WHAT IS BEING ASKED
In your copy, include every line of the listing below exactly but none of the pictures.

INFORMATION
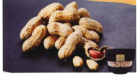
96 千葉産半立ち殻付き落花生 150g 落花生

冷凍 賞味期間: 540日 形態: 袋入り 新潟市の西に位置した旧黒埼地区(現新潟市西区)の肥沃な土壌で、丹精込めて育てられた茶豆です。早朝に収穫された茶豆を、素早く冷凍加工し採れたての美味しさを、そのまま袋詰めしました。
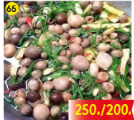
65 แกงเห็ดเผาะ/เห็ดรวม Spicy Thai Mushroom Soup Thailändische Pilzsuppe
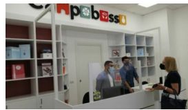
Inaugurato il nuovo Infopoint turistico del Comune di Campobasso 30 Maggio 2022
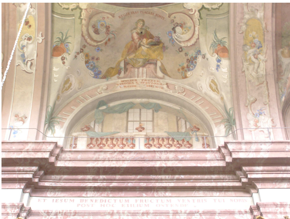
Obr.30 Farní kostel Nanebevzetí Panny Marie (pohled na klenební pole v hlavní lodi)
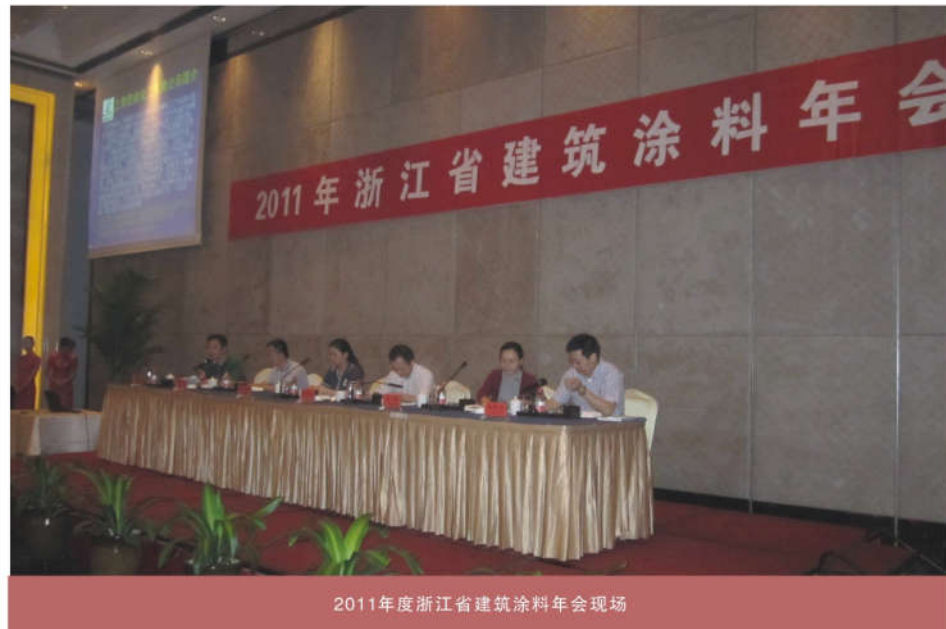
2011年度浙江省建筑涂料年会现场

优秀原材料供应商5家、优秀设备供应商1家的获奖企业名单，浙江悉奥涂料有限公司蝉联荣获2011年度浙江省建筑涂料优秀企业的同时，也被评选为2011年度浙江省关爱员工优秀企业荣誉称号。会议就W/W多彩涂料和反射隔热涂料等热点专题进行了大会交流，公司总工连城就浙江工程涂料市场做了大会交流，会议至18日下午所有参会代表应邀参观了浙江新力化工有限公司。
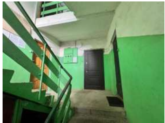
1.stāva kāpņu telpa
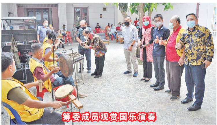
筹委成员观赏国乐演奏
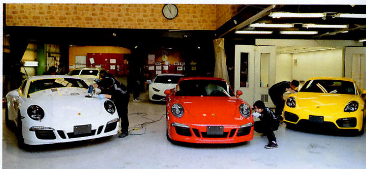
技術はもとより対応・説明に至るまできめ細かなサービスを提供。明確な基準が見えにくい業界だけにお客さんに理解していただくためには当然という。
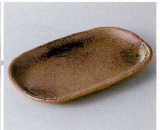
18813-236 780円 252315608 伊賀織部小判6.5皿 (197×125×22mm) 18814-236 1,200円 252315609 伊賀織部小判8.0皿 (243×158×22mm)
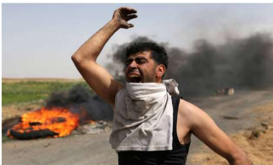
Manifestante palestino grita durante protesto contra Israel em acampamento de refugiados no sul da faixa de Gaza

Além disso, a reportagem também adota uma linguagem tendenciosa, inculcando um juízo de valor à única figura palestina que ganha autoridade de fala na reportagem. O lado palestino é apresentado junto ao temor israelense de que o Hamas se aproveite das “manifestações públicas para enviar terroristas para solo israelense” (grifo nosso). Por sua vez, as imagens que ilustram esta mensagem são expostas em um carrossel de fotos de eventos ocorridos em 2017 e uma foto sem data que abre a notícia (ver abaixo), acompanhada de legenda onde traduz a imagem como um “manifestante palestino grita durante protesto contra Israel em acampamento de refugiados no sul da Faixa de Gaza”.
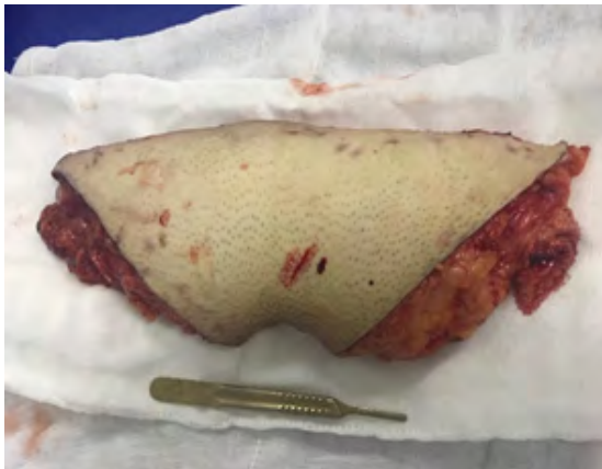
Figura 2. Caso 1, producto de dermolipectomía en pubis respetando el borde del pene

RESPONSE FOR THIS EXERCISE
96 千葉産半立ち殻付き落花生 150g 落花生

冷凍 賞味期間: 540日 形態: 袋入り 新潟市の西に位置した旧黒埼地区(現新潟市西区)の肥沃な土壌で、丹精込めて育てられた茶豆です。早朝に収穫された茶豆を、素早く冷凍加工し採れたての美味しさを、そのまま袋詰めしました。
65 แกงเห็ดเผาะ/เห็ดรวม Spicy Thai Mushroom Soup Thailändische Pilzsuppe
Inaugurato il nuovo Infopoint turistico del Comune di Campobasso 30 Maggio 2022
Obr.30 Farní kostel Nanebevzetí Panny Marie (pohled na klenební pole v hlavní lodi)
2011年度浙江省建筑涂料年会现场

优秀原材料供应商5家、优秀设备供应商1家的获奖企业名单，浙江悉奥涂料有限公司蝉联荣获2011年度浙江省建筑涂料优秀企业的同时，也被评选为2011年度浙江省关爱员工优秀企业荣誉称号。会议就W/W多彩涂料和反射隔热涂料等热点专题进行了大会交流，公司总工连城就浙江工程涂料市场做了大会交流，会议至18日下午所有参会代表应邀参观了浙江新力化工有限公司。
1.stāva kāpņu telpa
筹委成员观赏国乐演奏
技術はもとより対応・説明に至るまできめ細かなサービスを提供。明確な基準が見えにくい業界だけにお客さんに理解していただくためには当然という。
18813-236 780円 252315608 伊賀織部小判6.5皿 (197×125×22mm) 18814-236 1,200円 252315609 伊賀織部小判8.0皿 (243×158×22mm)
Manifestante palestino grita durante protesto contra Israel em acampamento de refugiados no sul da faixa de Gaza

Além disso, a reportagem também adota uma linguagem tendenciosa, inculcando um juízo de valor à única figura palestina que ganha autoridade de fala na reportagem. O lado palestino é apresentado junto ao temor israelense de que o Hamas se aproveite das “manifestações públicas para enviar terroristas para solo israelense” (grifo nosso). Por sua vez, as imagens que ilustram esta mensagem são expostas em um carrossel de fotos de eventos ocorridos em 2017 e uma foto sem data que abre a notícia (ver abaixo), acompanhada de legenda onde traduz a imagem como um “manifestante palestino grita durante protesto contra Israel em acampamento de refugiados no sul da Faixa de Gaza”.
Figura 2. Caso 1, producto de dermolipectomía en pubis respetando el borde del pene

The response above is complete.